By Mary Richardson, Staff Writer
You already know what he’s doing this weekend. You already know what he did last weekend. You also already know where he’s from and what he studied in his undergrad. You’ve cycled through these questions the past two months as well as exchanged a few unenthusiastic comments about having so much reading.
Yes, we’re talking about that one person you don’t really know but happen to run into a lot on campus. You two haven’t really shared enough experiences to be friends, but the awkward eye contact and wave mean you have some type of more-than-stranger, less-than-platonic relationship. However, now you’re at a point where you’ve got to take this acquaintanceship to the next level. You can’t look down at your phone every time you guys pass by each other, so here are some spicy conversation starters to jumpstart your clumsy chats:
Scour the Internet
Grab his number when you see each other at IBIC or the Commons or outside Snell or by the Pub or around the dorms. Because you see him everywhere, and you will continue to see him everywhere for the rest of the semester. But by having his number, you can Whatsapp each other funny memes, IG videos, and political articles, and this way you can drop references to what you two had been sending each other. And voila, an inside joke or a mutual disgust for the same politician is born.
Don’t worry, this will be very low maintenance communication as your online responses will mostly be variations of ‘hahaha’ or ‘Great article.’ It’ll also make you feel better that when you’re browsing the Internet looking for inspiration, you’re also forming a bond, not just procrastinating.
Mix Up Your Accessories
Wear something different and unique each day that both of you can comment on. That’s at least 30 seconds of conversation right there. Whip out those super bold earrings you got from another country which will seque perfectly into a story about how awesome and adventurous you are. Or if one day you wear a T-shirt with words on it, he can say it out loud, and then you two can laugh when you joke it’s good to know he can read. Do stay away from anything that says ‘Juicy’ because that’ll set everything back into awkward territory, and you’ve already made so much progress. It’s also very out of fashion.
Another idea is to put on an engagement ring — not because you’re recently engaged, but just to buy a little conversation time. Take a moment to see how long you can talk about the perfect matching of the string quartet with the wine country venue you lined up (that you didn’t actually line up).

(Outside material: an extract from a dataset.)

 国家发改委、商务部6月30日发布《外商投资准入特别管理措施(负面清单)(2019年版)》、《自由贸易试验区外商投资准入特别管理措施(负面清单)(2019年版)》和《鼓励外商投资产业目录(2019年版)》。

This tactic will take a bit more long-term commitment.
This one is pretty self-explanatory and can probably only be used once per person, and at the end of the semester. Which is fine because it’ll be finals, you’ll have forgotten what sleep is, your brain will be fried, and who knows, maybe you are dying.

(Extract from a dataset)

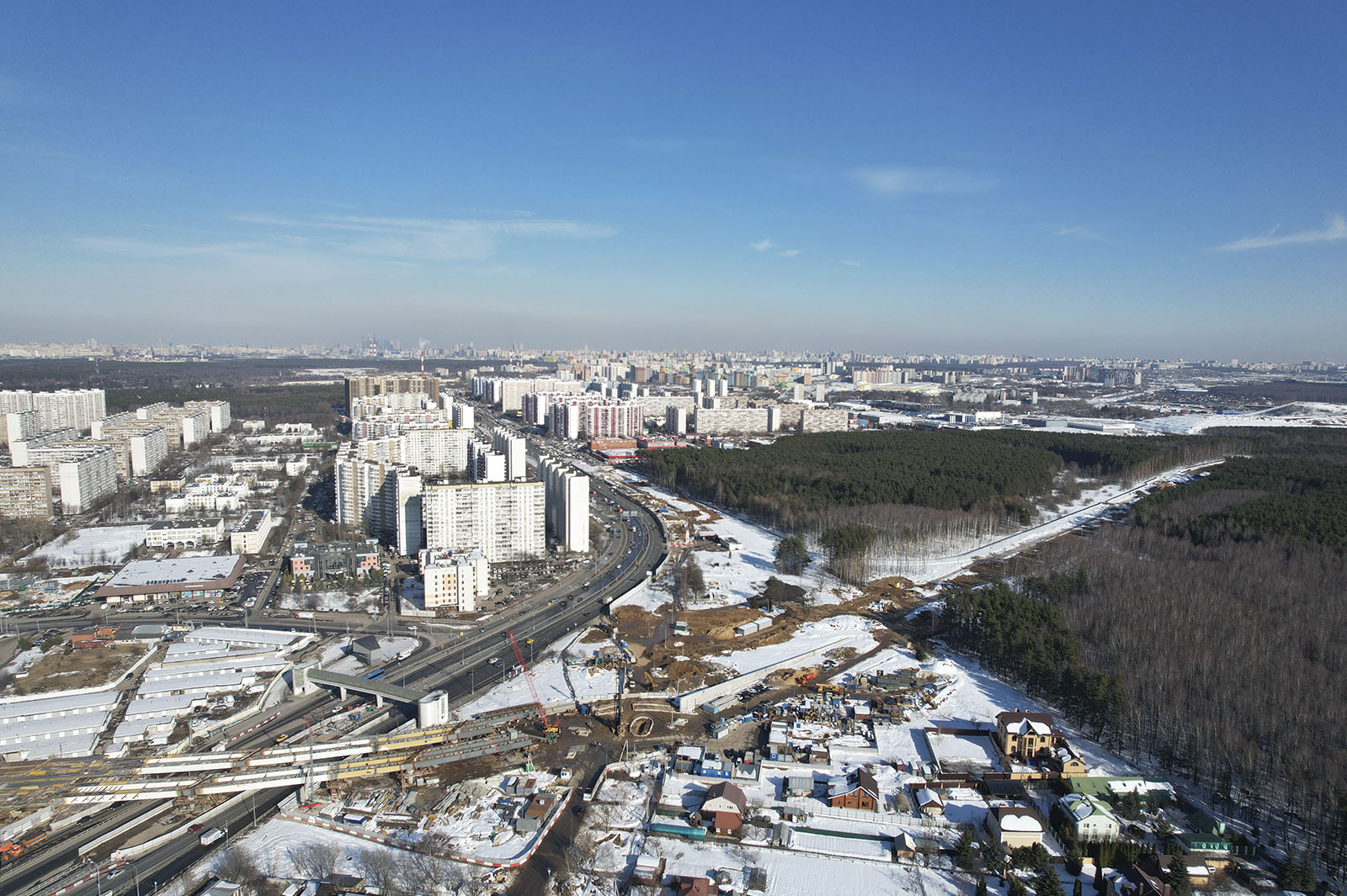 Здесь строят эстакаду над Боровским шоссе, тоннель под Киевским шоссе, путепровод на пересечении с Новоорловской улицей и два подземных пешеходных перехода в районе горнолыжного склона «Ново-Переделкино». Готовность участка составляет 38%.

If the conversation comes to a screeching, grinding, painful halt, have the social grace to roll over and pretend to die. For foreshadowing, you can also start complaining about headaches weeks earlier in anticipation for your fake death in front of your acquaintance. If you don’t have class or plans after, really commit and show signs of rigor mortis because maybe it’ll take some time to receive medical attention. Once the ambulance picks you up and is an appropriate distance from campus, break role, let them know you’re okay, and go about your day wherever the paramedic drops you off. This will give you something to talk about later, too.
If this doesn’t help your brief on-campus encounters, fellow students, I don’t know what will. Good luck!